Lagos State Governor Babatunde Fashola, and former head of Interim Government, Chief Ernest Shonekan, have spoken on the need for Nigerians to revive the socio-cultural values that have helped to define the country in the past, saying, “it is the cause of insecurity in the country.”
Speaking at the annual lecture of the Lagos State University, LASU Alumni, with the theme, ‘Good Governance: A Tool for Revitalisation of the Socio-cultural Values for Social Developmen,’ at the LASU Campus, Ojo, Fashola and Shonekan said, “these socio-cultural values are the fundamentals for development in any country and will catapult the country to an enviable height, if quickly revived.”
Shonekan, who chaired the 21st annual lecture of the Alumni, blamed kidnapping and other challenges confronting the country on the lack of socio-cultural values, which are eroding daily from the Nigerian society, saying, “all these are the manifestations of the debasement of values in the country.”

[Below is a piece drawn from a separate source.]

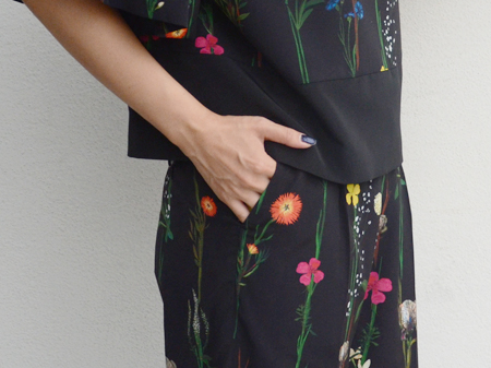 非常に美しいボタニカルプリントに私も完全に一目惚れしまして、今回パンツを購入させていただきました。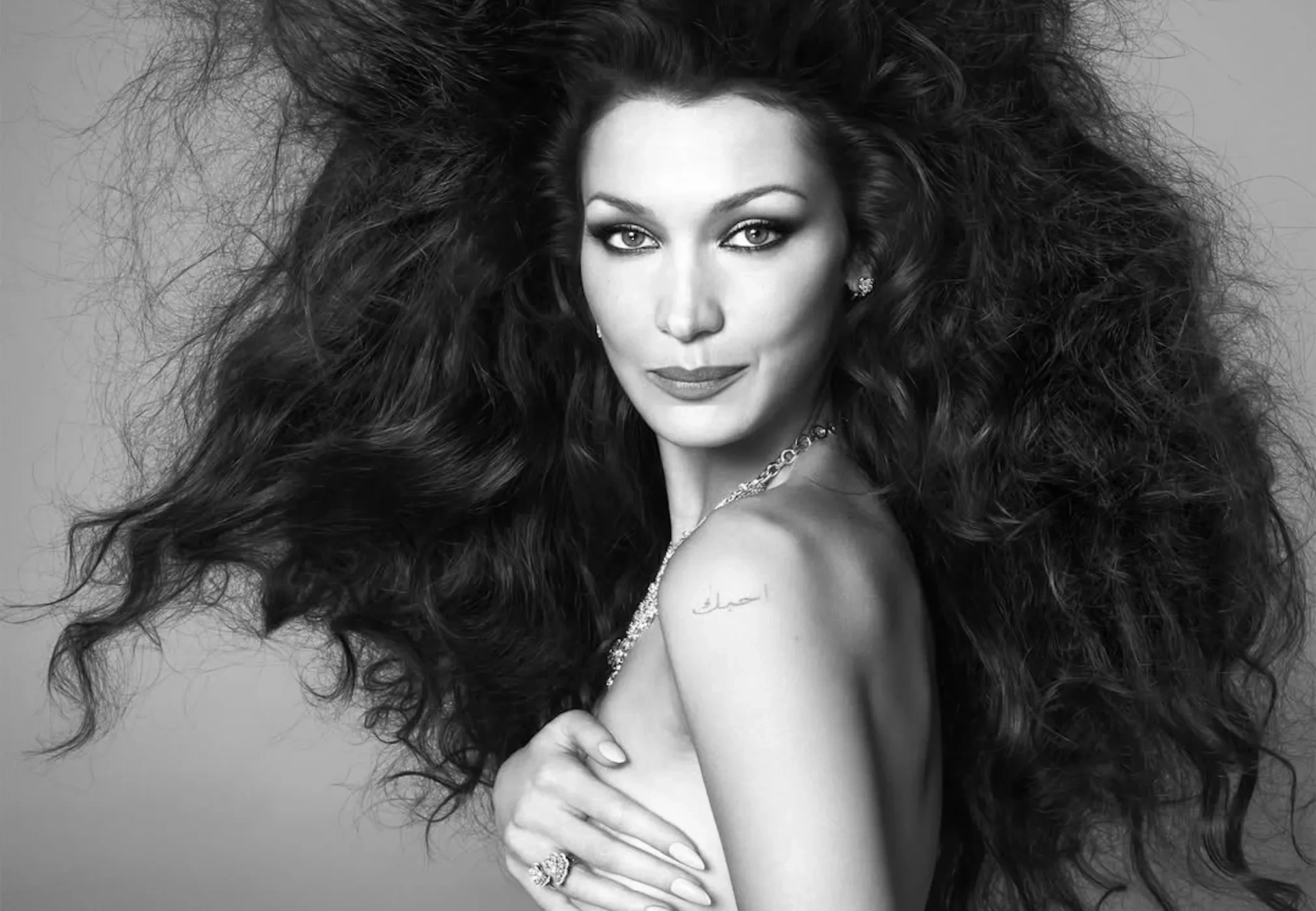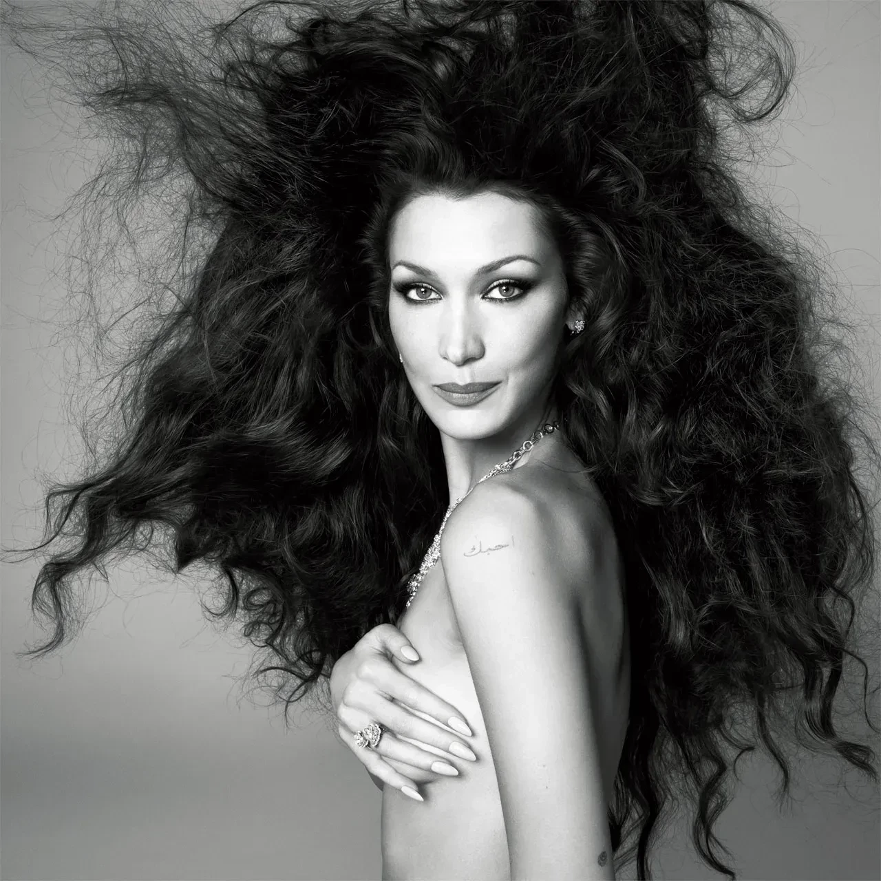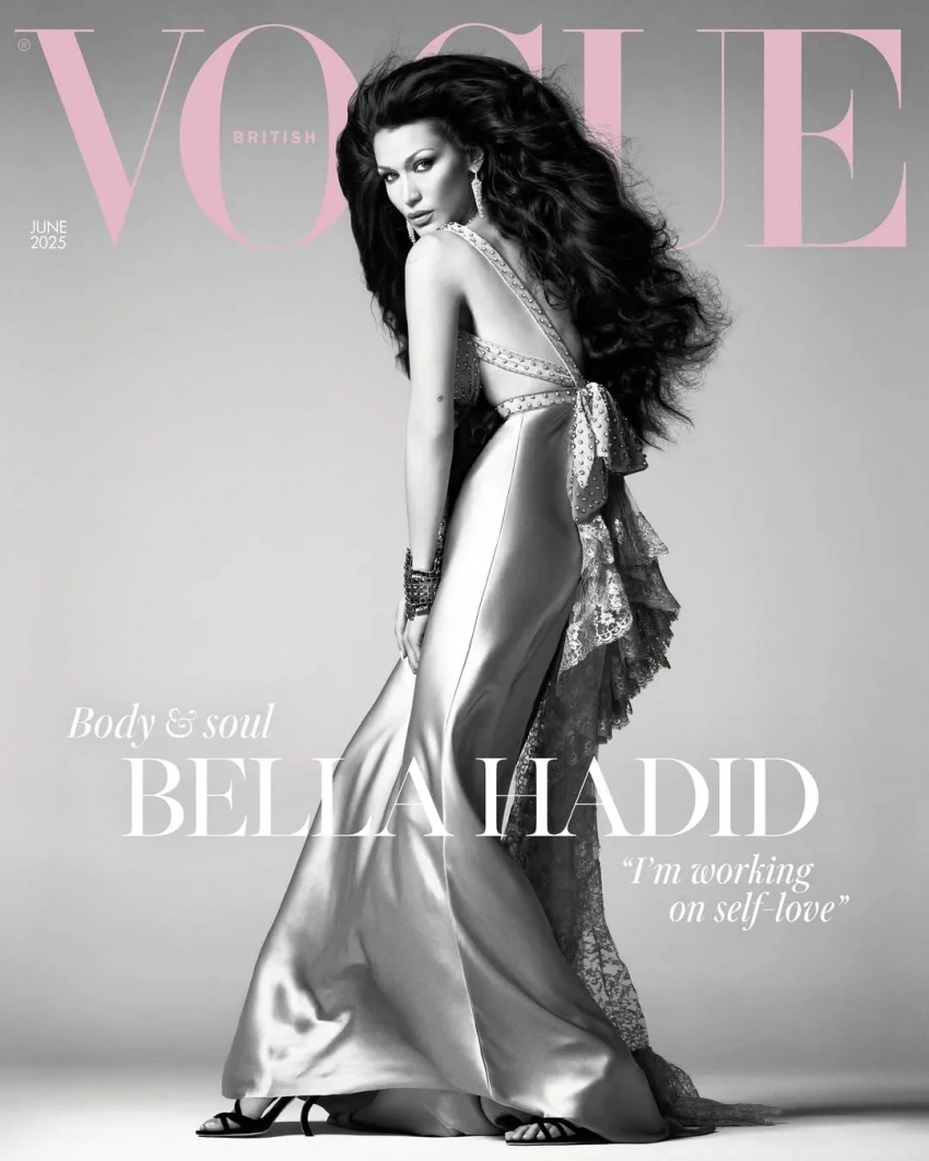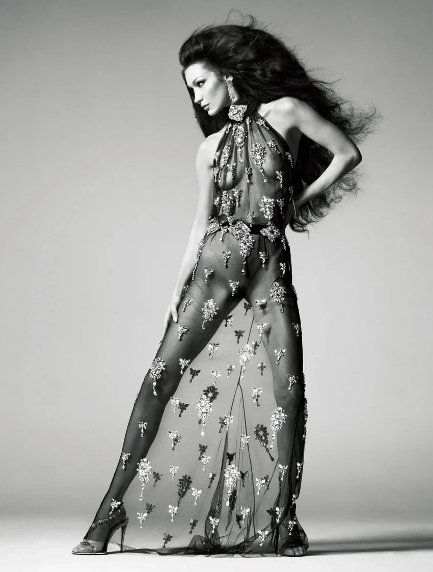 На обложке младшая сестра Джиджи Хадид позирует в Valentino, а на страницах издания — топлес, в прозрачном платье Dolce & Gabbana и "кольчуге" Chainmail.

In his lecture entitled, ‘Re-ordering our socio-cultural values as a tool for good governance and development,’ Fashola said “It is only the restoration of values that can enable good governance to drive. As a nation, we must reclaim these values because they are strongly eroding away quickly. These values are some of the things that have made us essentially African. And we need to go back to some of them quickly.”
In his explanation of the lost values, Fashola said “decency and diligence, hard work, humility, integrity and honesty. These are some of the critical values that we must adhere to in the country.”